The logical conclusion would appear to be the effective abolition of money. But that’s a big leap, surely, from where we are now - why need we be worried?
It’s a trend that leaves many older citizens apprehensive. They like the familiarity of cheques – and the sense of security of having a paper trail for their transactions. But Price is not sounding a lament for the disappearing world of bank notes and cheque books. What worries him is that complete abolition of cash threatens our individual freedoms and rights.
“I’m sure”, he writes, “you’ve noticed this quiet coercion… rewards for using debit and credit cards... closed cashier windows on the underground forcing you to use the machines, raising the contactless payment limit to £30, phone apps that let you digitally transfer money at a push of a button.
“The authorities are associating cash with being old-fashioned, behind the times. They are trying to introduce a social stigma around it and humiliate every ‘poor old sap’ fumbling for change at the supermarket. This is a deliberate ploy to usher in an era of total control over your money and life.”
Heady stuff. Do we really believe it? Yes, cash transactions are in decline and banks would prefer us to use our credit and debit cards. But across America and continental Europe, it is concern over security that is hastening this push. Cash seizures in the US have rocketed because of new civil forfeiture laws. Limits on cash are fast becoming the norm in many European countries to clamp down on money laundering and suspected terrorist financing.
Price talks of “totalitarian power” and “financial martial law” – weakening his point by over-statement. We may bristle at the checks and paperwork involved in weeding out money laundering. In a world of growing cybercrime and terrorist activity, we do not see these measures as a threat to liberty, any more than tighter airport security checks infringe our freedom of movement to any meaningful degree. We would be concerned if such checks were not undertaken – and would regard it as quaint to the point of absurd to be obliged to buy a new cooker with a tell-tale bulge of folding notes in our pocket.
Where he is on stronger ground is in warning of the consequences of pushing people to liquidate their savings and spend their spare cash - indeed, racking up even more credit at a time when personal and household debt is already scarily high.
“Things cannot get a lot crazier than this… It is an especial kick in the gut to anyone who has spent most of their working life setting up a safety net for their retirement.”
And that is where we have ended up when faced with an unpayable public debt – £1.5 trillion and counting. Seven years of emergency ow interest rates have warped our understanding of debt and its dynamics.

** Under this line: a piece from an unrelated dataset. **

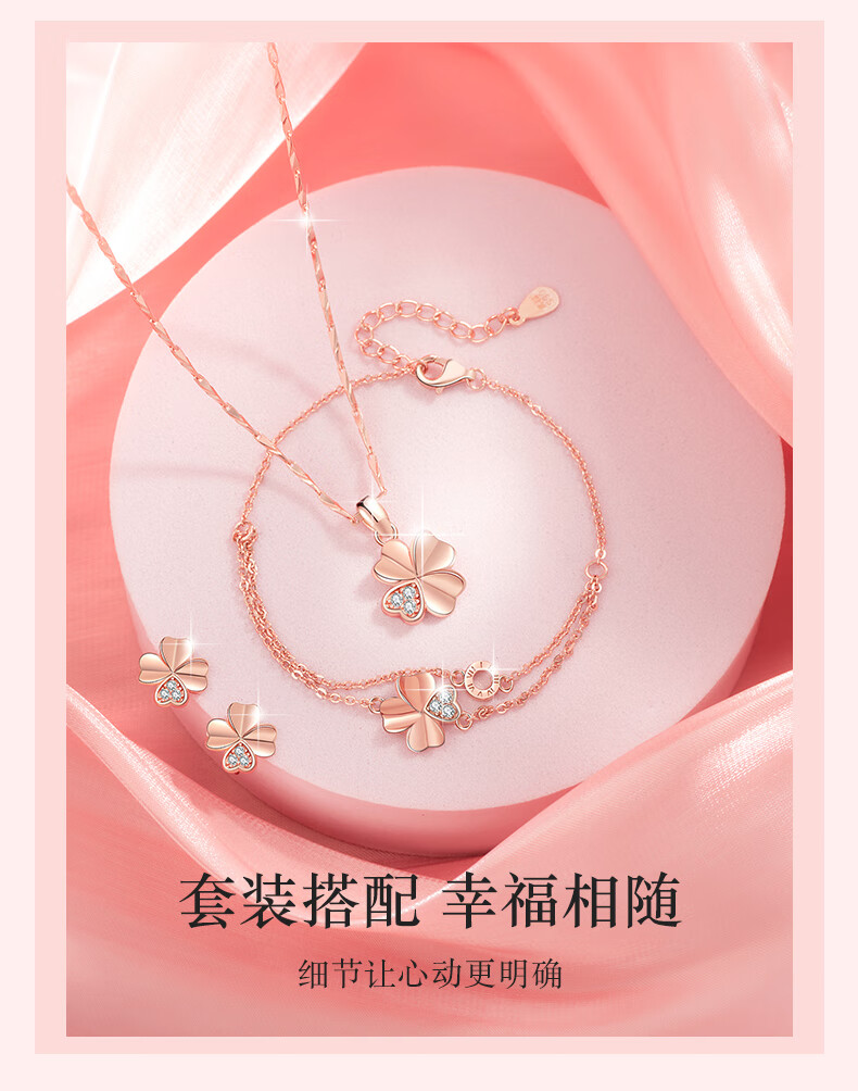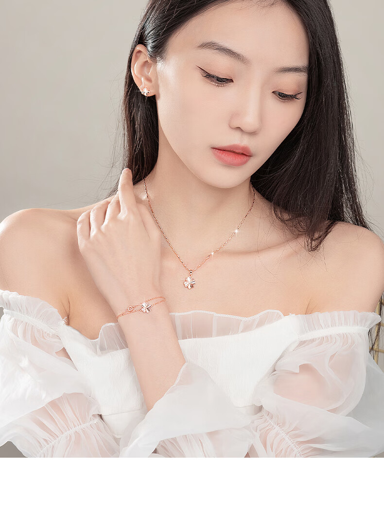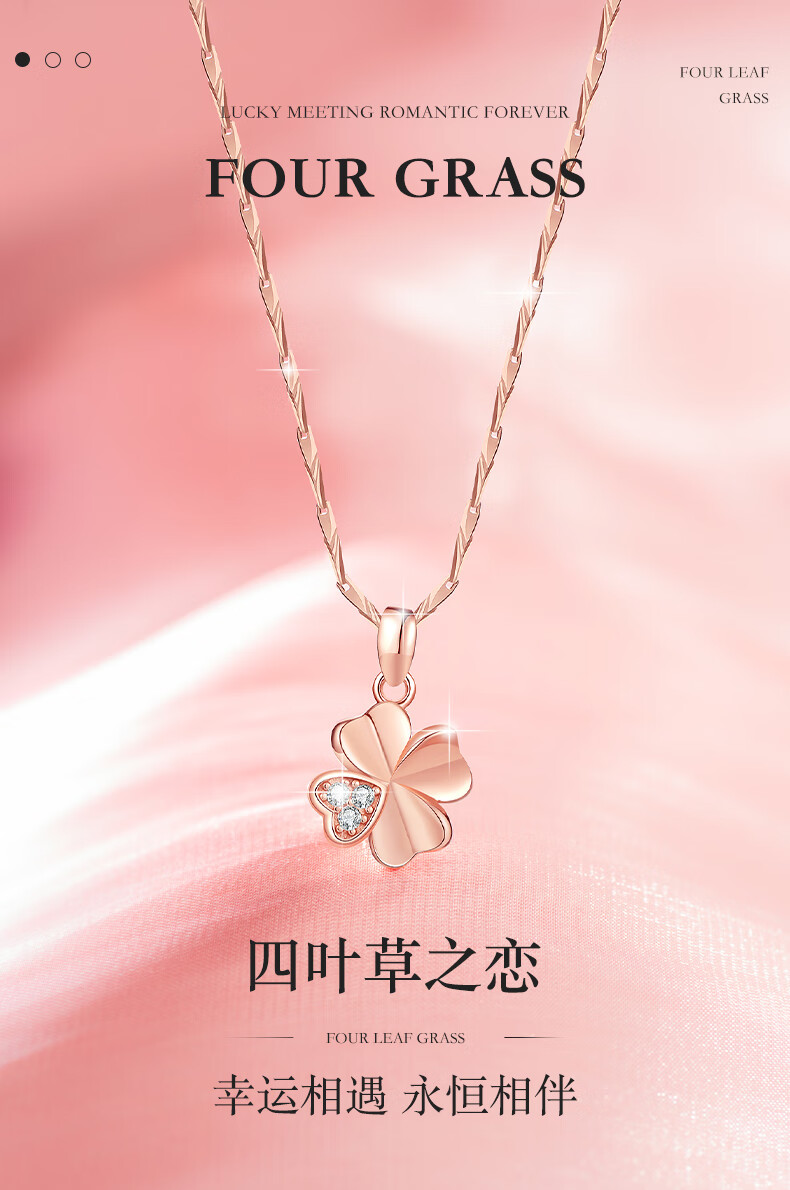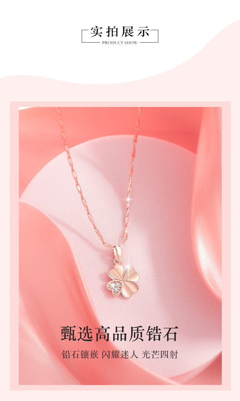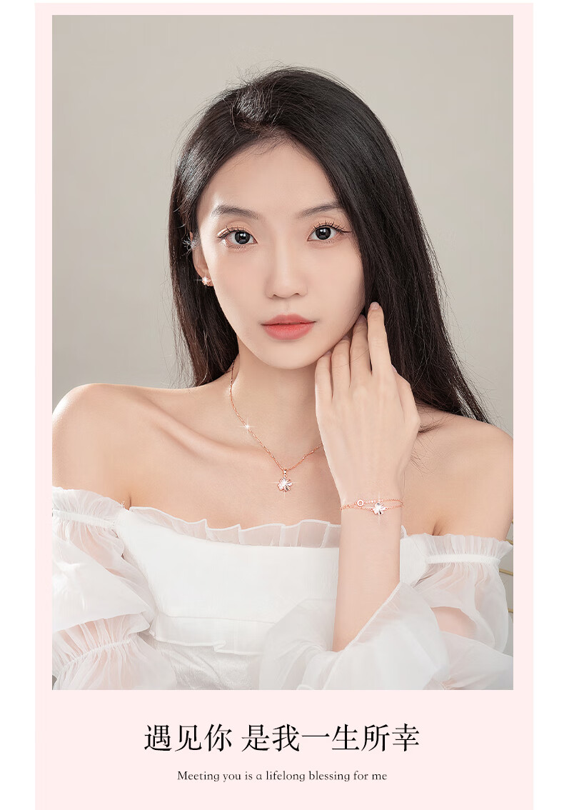 Ji Sifan Light Luxury Necklace Women's Four-leaf Clover High-End Niche Jewelry Valentine's Day Anniversary Birthday Gift for Girlfriend and Wife Lucky Encounter Four-leaf Clover Necklace Silver White

But from to time we need the convenience of ready money – folding notes – to settle small bills and payments. We might also want to slip money to a needy friend or relative, or to a local charity – and we value the privacy that enables us to do so without the pointy nose of government poking into everything we do.
In a totally digital world such informal transactions would be impossible and our freedom would indeed be circumscribed. That is what makes this issue so potent – and bigger than gadget convenience.